===== INPUT DATA

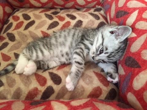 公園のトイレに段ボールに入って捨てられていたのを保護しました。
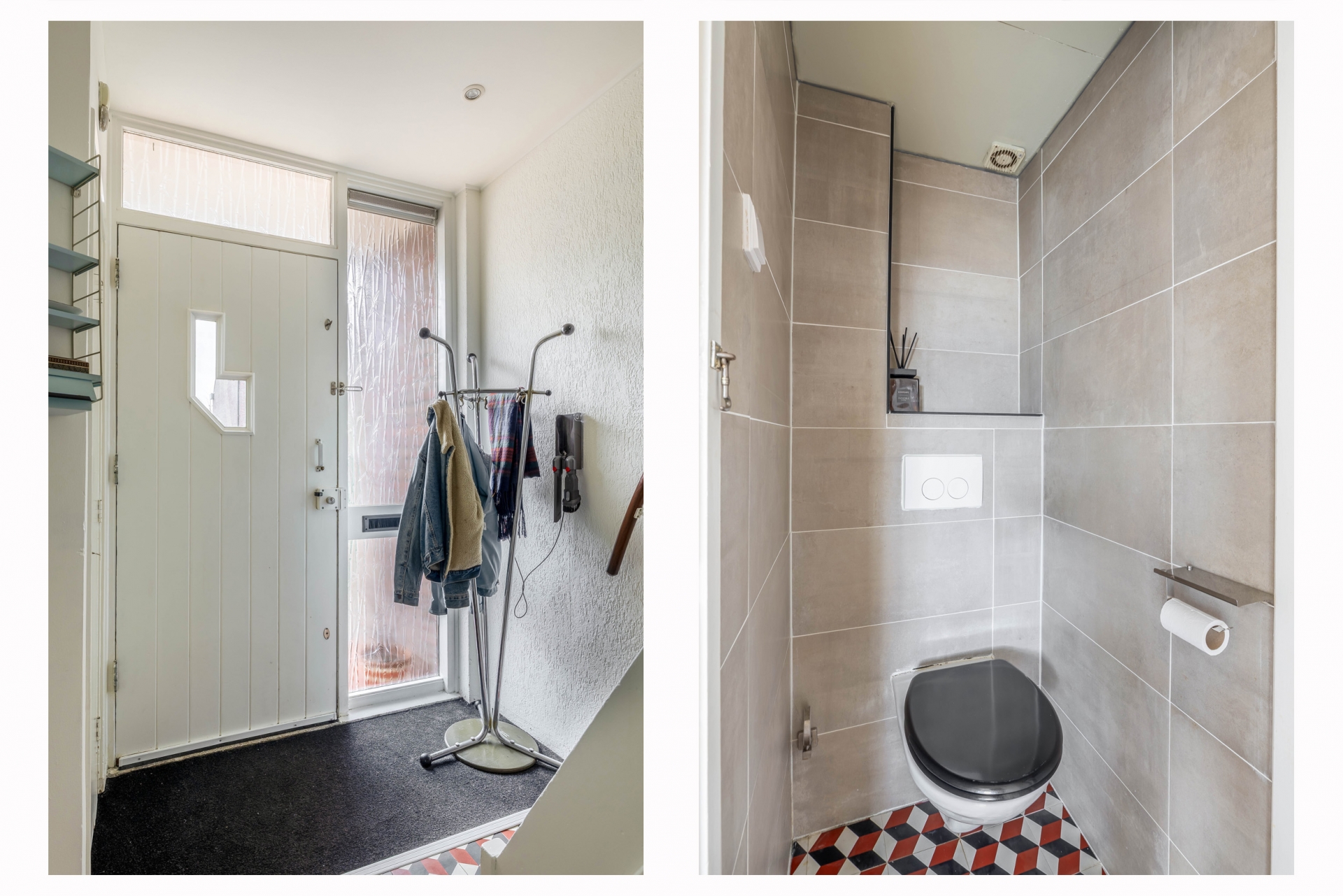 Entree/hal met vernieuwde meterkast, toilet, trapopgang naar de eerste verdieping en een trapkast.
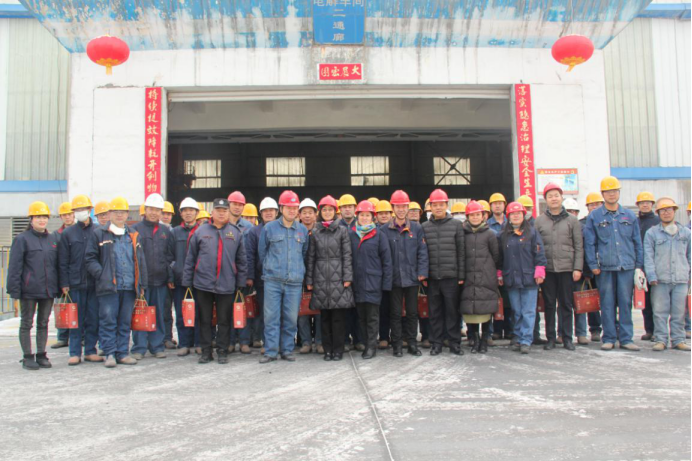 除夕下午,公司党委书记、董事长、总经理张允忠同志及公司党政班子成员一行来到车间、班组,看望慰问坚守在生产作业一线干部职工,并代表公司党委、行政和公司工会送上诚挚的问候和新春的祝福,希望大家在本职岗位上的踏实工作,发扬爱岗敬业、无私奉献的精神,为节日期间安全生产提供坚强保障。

==========

* REQUIREMENT *
Set down the whole listing word for word, omitting the pictures.

* RESPONSE BOX *
 公園のトイレに段ボールに入って捨てられていたのを保護しました。
 Entree/hal met vernieuwde meterkast, toilet, trapopgang naar de eerste verdieping en een trapkast.
 除夕下午,公司党委书记、董事长、总经理张允忠同志及公司党政班子成员一行来到车间、班组,看望慰问坚守在生产作业一线干部职工,并代表公司党委、行政和公司工会送上诚挚的问候和新春的祝福,希望大家在本职岗位上的踏实工作,发扬爱岗敬业、无私奉献的精神,为节日期间安全生产提供坚强保障。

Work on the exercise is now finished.